*** DATA BELOW
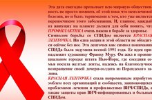 Ежегодно 1 декабря проводится Всемирный день борьбы со СПИДом, ежегодно эта дата призывает всю мировую общественность помнить об этой неизлечимой болезни и быть терпимыми к тем, кто уже заболел.
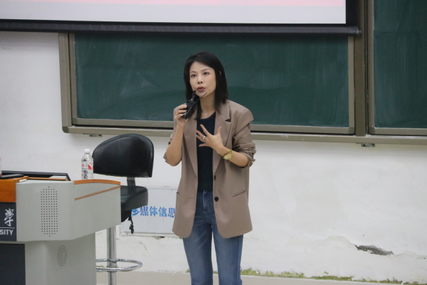 此次讲座以“大学生开拓之旅—以无限可能链接广袤世界”为主题。首先,张瑾对刘影作简要介绍,鼓励学生充分利用此次学习机会,做到学有所得、学有所获。随后,刘影以学生疑问为切入点,就学生最关心的学业、人际关系、人生发展等问题进行讲解。她通过生活实例引出对于“信念感”的介绍,以循循善诱的方式,不断向学生抛出问题,在增强学生参与感的同时也鼓励他们不断增强人生的可能性、不可替代性和确定性,构筑“人生无敌金三角”,在面对各种人生挑战时勇往直前,掌握开启新社交关系的能力。最后,刘影勉励学生永远不要羞于追求优秀的“欲望”,做勇于追求幸福的人。
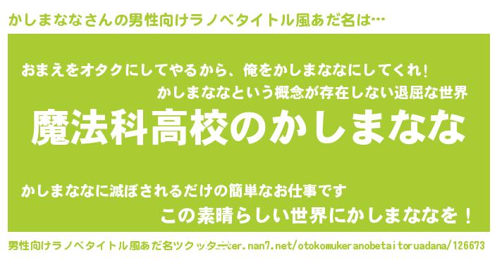 | 胡散臭い通販商品みたいなあだ名 | 『ガンによく効く高麗人参…その名も「かしまなな」』 |
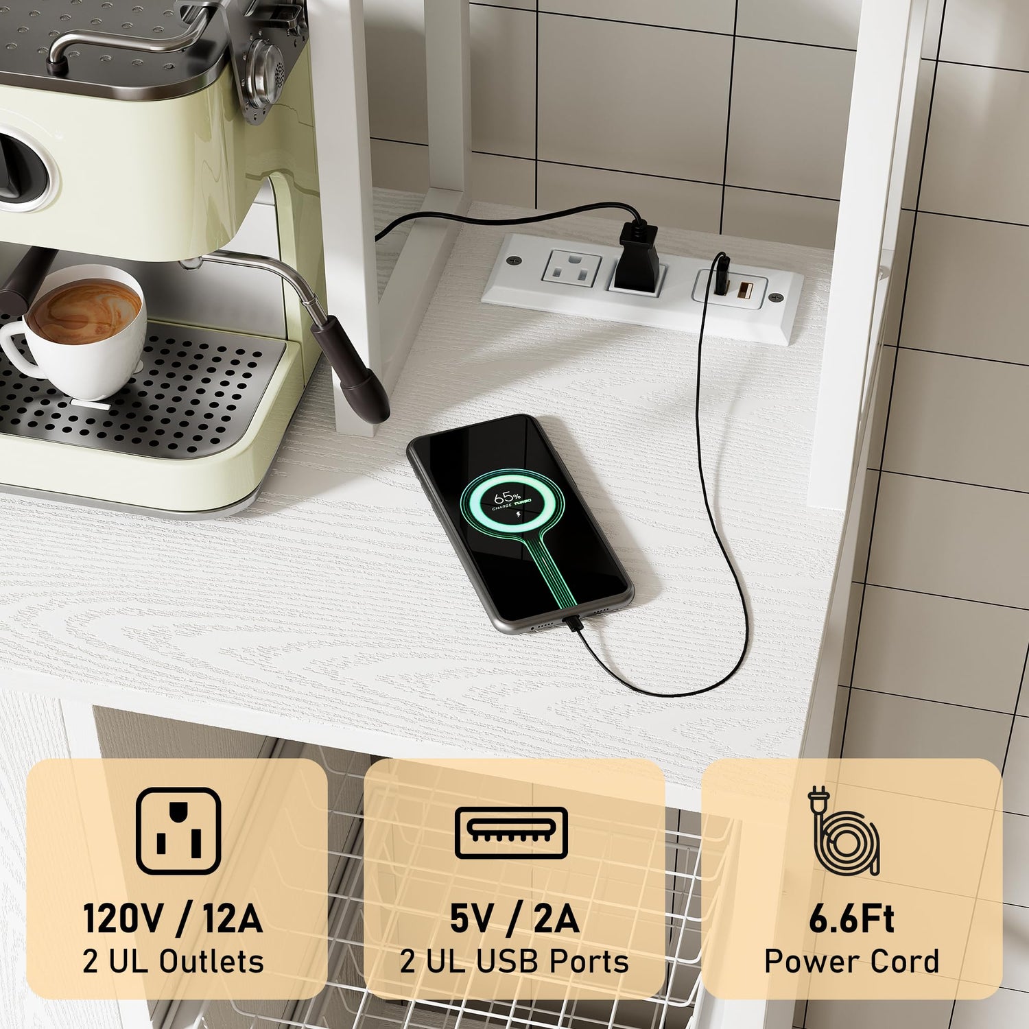 - Built‑In Charging Station for Your Bakers Rack with Power Outlet—— Transform your kitchen bakers rack into a centralized charging hub—power up your coffee maker, toaster, or phone without messy extension cords.
******
YOUR ASSIGNMENT |
Copy exactly, and only, the lines from the line containing "胡散臭い通販商品みたいなあだ名 | 『ガンによく効く高麗人参…その名も「かしまなな」』 |" through the final line of the material above, with no pictures.

OUTPUT FOR THIS EXERCISE |
 | 胡散臭い通販商品みたいなあだ名 | 『ガンによく効く高麗人参…その名も「かしまなな」』 |
 - Built‑In Charging Station for Your Bakers Rack with Power Outlet—— Transform your kitchen bakers rack into a centralized charging hub—power up your coffee maker, toaster, or phone without messy extension cords.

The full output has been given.